_What the exercise asks:_
Your task is to return the listing below word for word, without any of its images.

_Data below:_

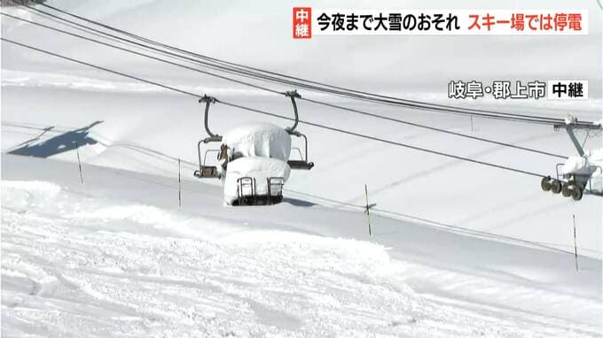 岐阜県郡上市高鷲町のスキー場では、10日11時50分現在、停電が発生しており、リフトやゴンドラが止まっています。
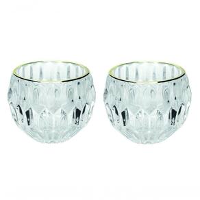Jogo exclusivo modelo em vidro facetado redondo com borda dourada 2 unidades!
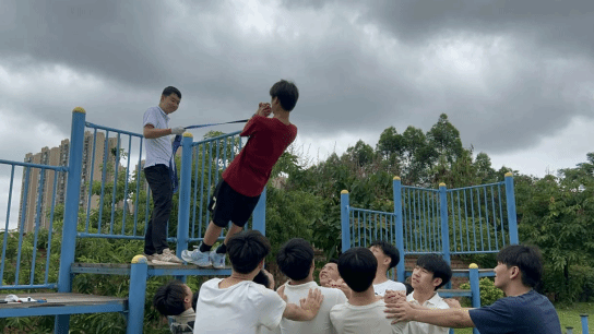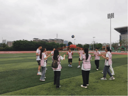 活动开始,由曾祥朋、姜超老师分别讲述各个素拓的环节和规则,带领并指导同学们分成三个小组开展了“猎人老虎枪”“同心鼓”“珠行万里”“梅花桩”“信任背摔”等五个素拓环节。这五个环节最大的共同之处就是要默契配合,团结一致方可达到胜利。游戏过程中,同学们饱含热情,团结一致,秉持着友谊第一,比赛第二的原则,互相配合、共同协作。

_Solution to the problem:_
 岐阜県郡上市高鷲町のスキー場では、10日11時50分現在、停電が発生しており、リフトやゴンドラが止まっています。
Jogo exclusivo modelo em vidro facetado redondo com borda dourada 2 unidades!
 活动开始,由曾祥朋、姜超老师分别讲述各个素拓的环节和规则,带领并指导同学们分成三个小组开展了“猎人老虎枪”“同心鼓”“珠行万里”“梅花桩”“信任背摔”等五个素拓环节。这五个环节最大的共同之处就是要默契配合,团结一致方可达到胜利。游戏过程中,同学们饱含热情,团结一致,秉持着友谊第一,比赛第二的原则,互相配合、共同协作。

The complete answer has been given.